Your goal
From the data below, copy exactly the lines that lie between the one holding "这一关的主要任务就是收集6个" and the one holding "7 kisten waarvan", including both, and nothing more.

-- Dataset follows --

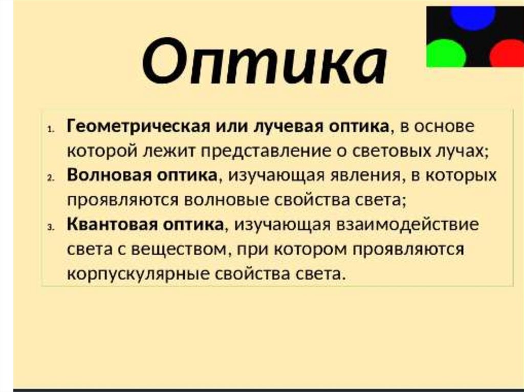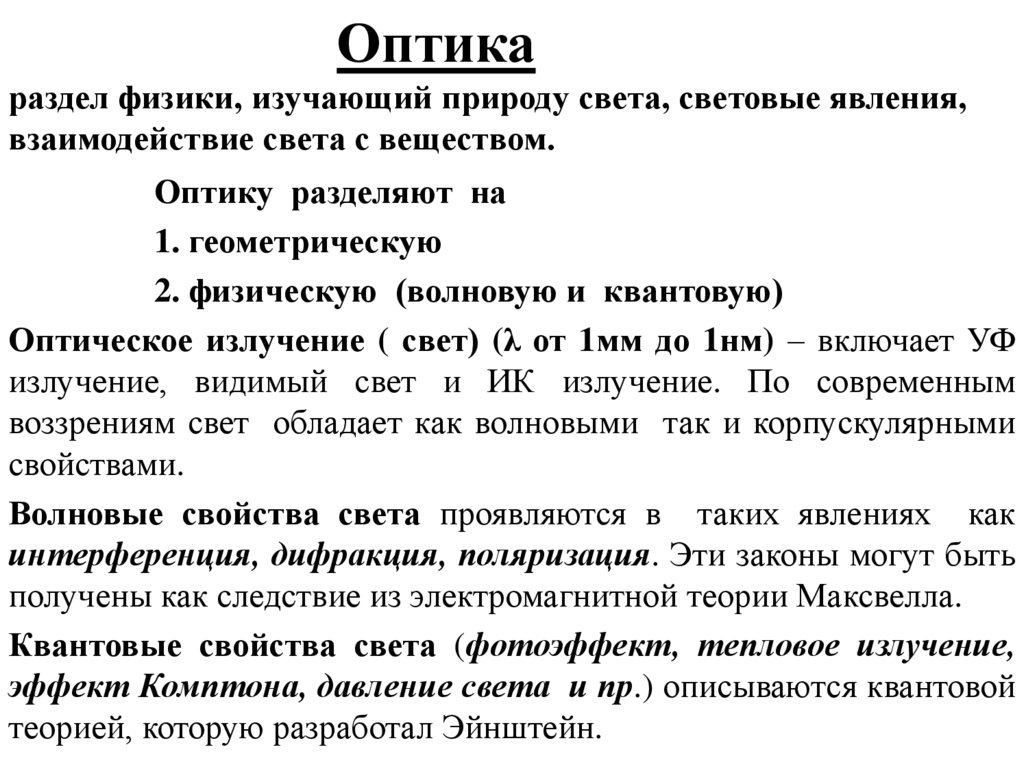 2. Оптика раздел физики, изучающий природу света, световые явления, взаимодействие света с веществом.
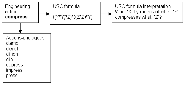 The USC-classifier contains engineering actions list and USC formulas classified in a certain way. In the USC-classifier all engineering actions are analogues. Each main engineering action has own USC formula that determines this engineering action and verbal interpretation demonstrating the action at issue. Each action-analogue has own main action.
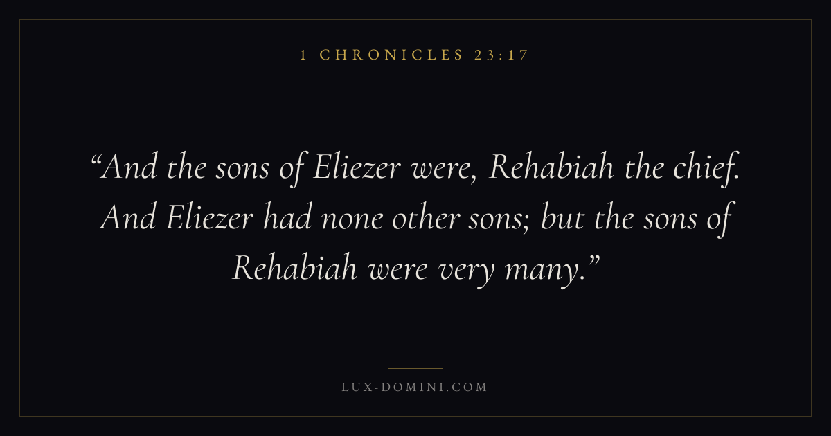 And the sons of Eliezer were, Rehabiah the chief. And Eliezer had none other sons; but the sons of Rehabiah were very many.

-- Dataset concluded --
-- Dataset follows --

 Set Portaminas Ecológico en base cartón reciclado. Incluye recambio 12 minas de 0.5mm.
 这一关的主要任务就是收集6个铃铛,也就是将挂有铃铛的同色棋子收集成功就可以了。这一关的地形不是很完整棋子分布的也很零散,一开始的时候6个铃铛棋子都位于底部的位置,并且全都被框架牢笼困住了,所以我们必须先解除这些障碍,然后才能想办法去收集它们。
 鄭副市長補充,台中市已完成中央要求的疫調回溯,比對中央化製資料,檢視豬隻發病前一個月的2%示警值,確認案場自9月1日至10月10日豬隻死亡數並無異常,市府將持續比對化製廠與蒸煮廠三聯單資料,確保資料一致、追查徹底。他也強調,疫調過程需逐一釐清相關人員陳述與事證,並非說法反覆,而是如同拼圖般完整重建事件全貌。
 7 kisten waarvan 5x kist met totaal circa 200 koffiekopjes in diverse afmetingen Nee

-- Dataset concluded --

Expected answer
 这一关的主要任务就是收集6个铃铛,也就是将挂有铃铛的同色棋子收集成功就可以了。这一关的地形不是很完整棋子分布的也很零散,一开始的时候6个铃铛棋子都位于底部的位置,并且全都被框架牢笼困住了,所以我们必须先解除这些障碍,然后才能想办法去收集它们。
 鄭副市長補充,台中市已完成中央要求的疫調回溯,比對中央化製資料,檢視豬隻發病前一個月的2%示警值,確認案場自9月1日至10月10日豬隻死亡數並無異常,市府將持續比對化製廠與蒸煮廠三聯單資料,確保資料一致、追查徹底。他也強調,疫調過程需逐一釐清相關人員陳述與事證,並非說法反覆,而是如同拼圖般完整重建事件全貌。
 7 kisten waarvan 5x kist met totaal circa 200 koffiekopjes in diverse afmetingen Nee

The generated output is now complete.